Bessie wants to navigate her spaceship through a dangerous asteroid field in the shape of an N x N grid (1 <= N <= 500). The grid contains K asteroids (1 <= K <= 10,000), which are conveniently located at the lattice points of the grid.
Fortunately, Bessie has a powerful weapon that can vaporize all the asteroids in any given row or column of the grid with a single shot.This weapon is quite expensive, so she wishes to use it sparingly.Given the location of all the asteroids in the field, find the minimum number of shots Bessie needs to fire to eliminate all of the asteroids.
Input
* Line 1: Two integers N and K, separated by a single space.

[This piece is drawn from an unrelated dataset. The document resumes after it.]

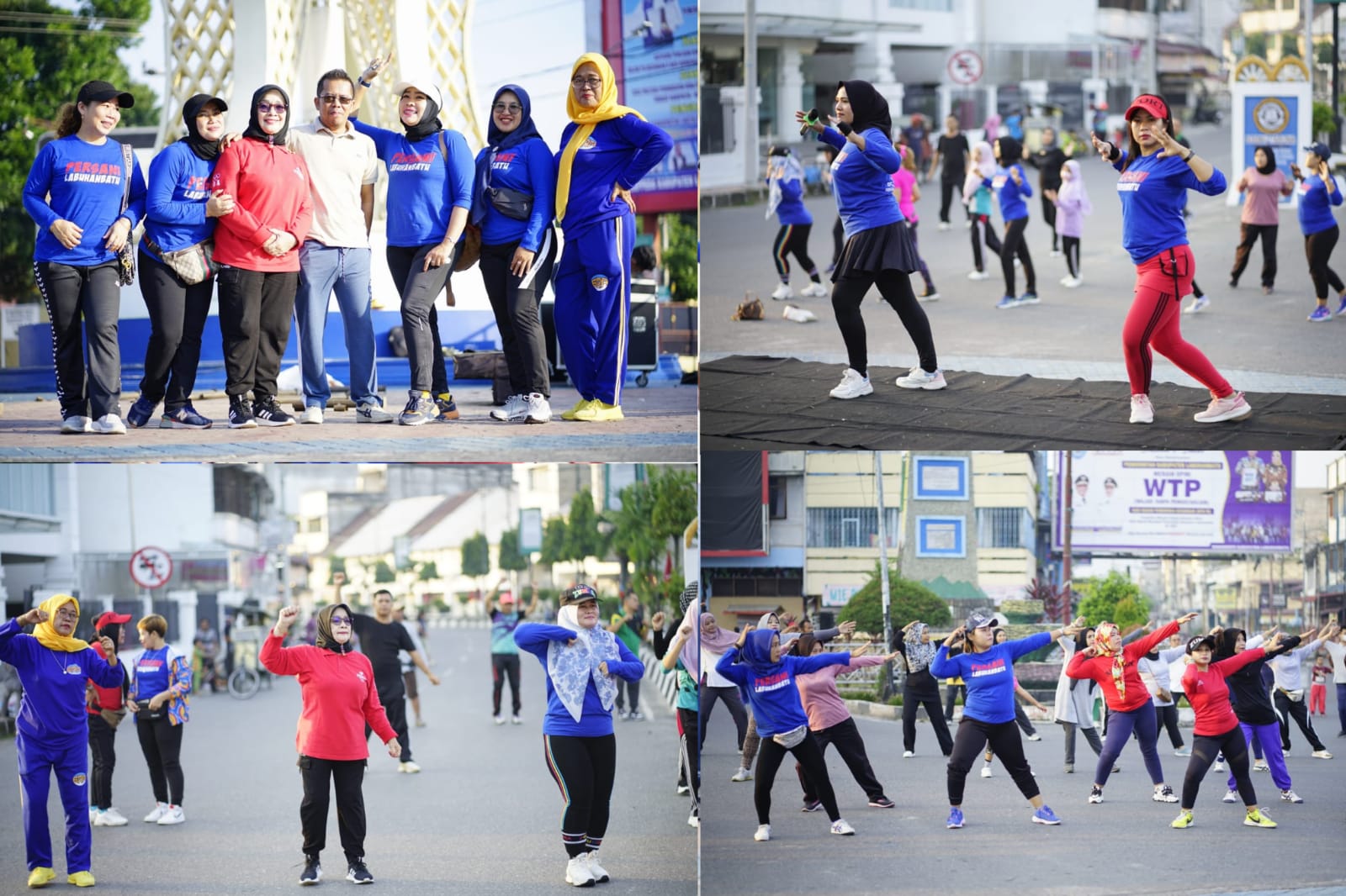Wakil Bupati Labuhanbatu Hj. Elya Rosa Siregar, S.Pd., MM mengikuti Senam Sehat bersama yang diadakan kembali setelah libur selama Ramadan dan Idul Fitri, pada kegiatan Car Free Day di Simpang 6 Rantauprapat, Minggu (14/05/2023).

* Lines 2..K+1: Each line contains two space-separated integers R and C (1 <= R, C <= N) denoting the row and column coordinates of an asteroid, respectively.
Output
* Line 1: The integer representing the minimum number of times Bessie must shoot.
Sample Input
3 4
1 1
1 3
2 2
3 2
Sample Output
2
Hint
INPUT DETAILS:
The following diagram represents the data, where “X” is an asteroid and “.” is empty space:
X.X
.X.
.X.
OUTPUT DETAILS:
Bessie may fire across row 1 to destroy the asteroids at (1,1) and (1,3), and then she may fire down column 2 to destroy the asteroids at (2,2) and (3,2).
#include<stdio.h>///二分图最大匹配 最小点覆盖数=最大匹配数
#include<string.h>///将行和列转化成点,每个点转化为连接两边的线,构成一个二分图,要求最小射击次数,即覆盖所有的边(被抽象成边的点),用最小的点(被抽象成点的行列)覆盖来实现
int match[505];///
bool edge[505][505],vis[505];///edge存图,表示在第i行j列是否有点存在,vis标记是否询问过某个点
int n,k;
bool KM(int x)///DFS求增广路
{
for(int i=1;i<=n;i++)///遍历能与该点配对的点
{
if(!vis[i]&&edge[x][i])
{
vis[i]=true;///标记访问点
if(match[i]==0||KM(match[i]))
{
match[i]=x;///更新配对关系
return true;
}
}
}
return false;///若遍历了所有点
}
int main()
{
while(scanf("%d%d",&n,&k)!=EOF)
{
int x,y;
memset(edge,false,sizeof(edge));
memset(match,0,sizeof(match));
for(int i=0;i<k;i++)
{
scanf("%d%d",&x,&y);
edge[x][y]=true;///这里行和列是不同的,第一行配对第三列和第三行配对第一列是两个点,因此是无向图
}
int sum=0;
for(int i=1;i<=n;i++)
{
memset(vis,false,sizeof(vis));
if(KM(i))sum++;///增广路计数结果即是最大匹配数量
}
printf("%d
",sum);
}
}